Bloc’s highest court warns

EU member state hopes that they can create huge databases to spy on their citizens in the name of defence have received a kick in the nadgers by the bloc’s top court.

The region's top court, the CJEU has stated that indiscriminate mass surveillance is incompatible with general principles of EU law (such as proportionality and respect for privacy) and has kicked the spooks in the issue of bulk data retention.

A German data retention law involving ISPs SpaceNet and Telekom Deutschland which are challenging the obligation to store their customers' telecommunications traffic data was slapped down by CJEU.
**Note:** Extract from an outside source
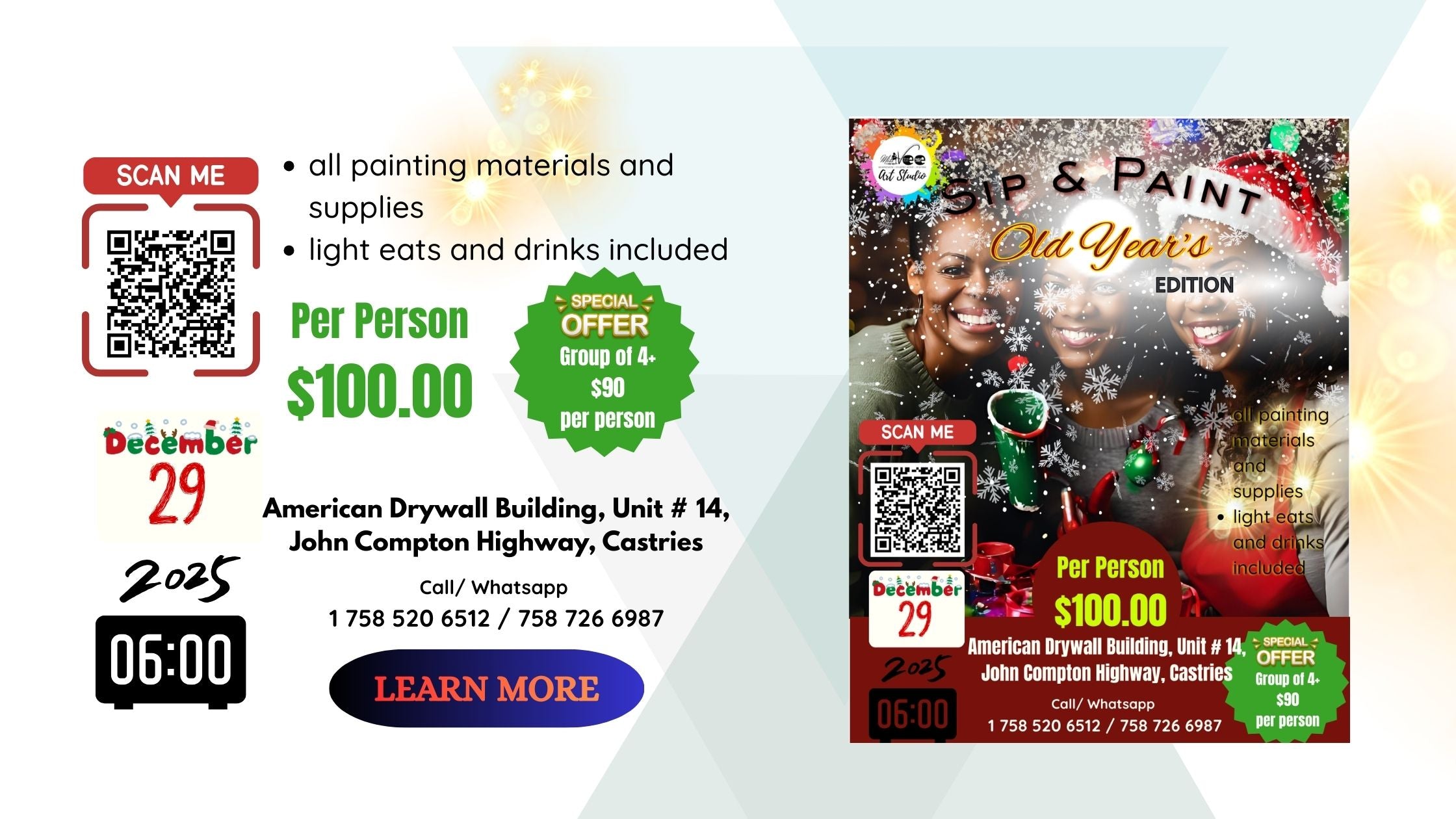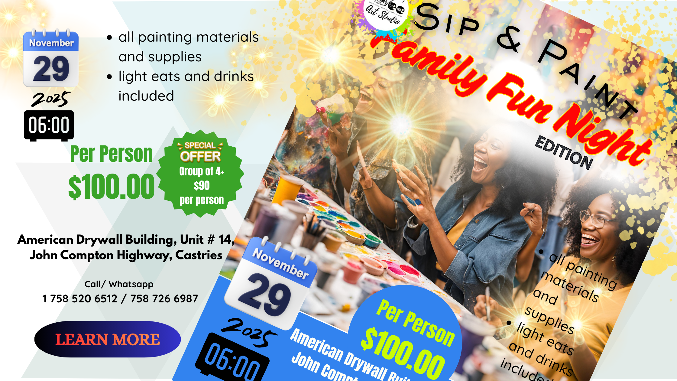Our vibrant art space in Saint Lucia offers a range of experiences, from painting workshops and themed Sip & Paint parties to creative merchandise and original artwork.

The court's judgement is still pending but an influential opinion put out today by an advisor to the CJEU takes the view that general and indiscriminate retention of traffic and location data can only be permitted exceptionally -- in relation to a threat to national security -- and nor can data be retained permanently.

In a press release announcing the opinion of advocate general Manuel Campos Sanchez-Bordona, the court writes that the AG "considers that the answers to the questions are already in the Court's case-law or can be inferred from them without difficulty".

His view was the German law's "general and indiscriminate storage obligation" -- which covers "a very wide range of traffic and location data" -- cannot be reconciled with EU law by a time limit imposed on storage as data is being sucked up in bulk, not in a targeted fashion (i.e. for a specific national security purpose).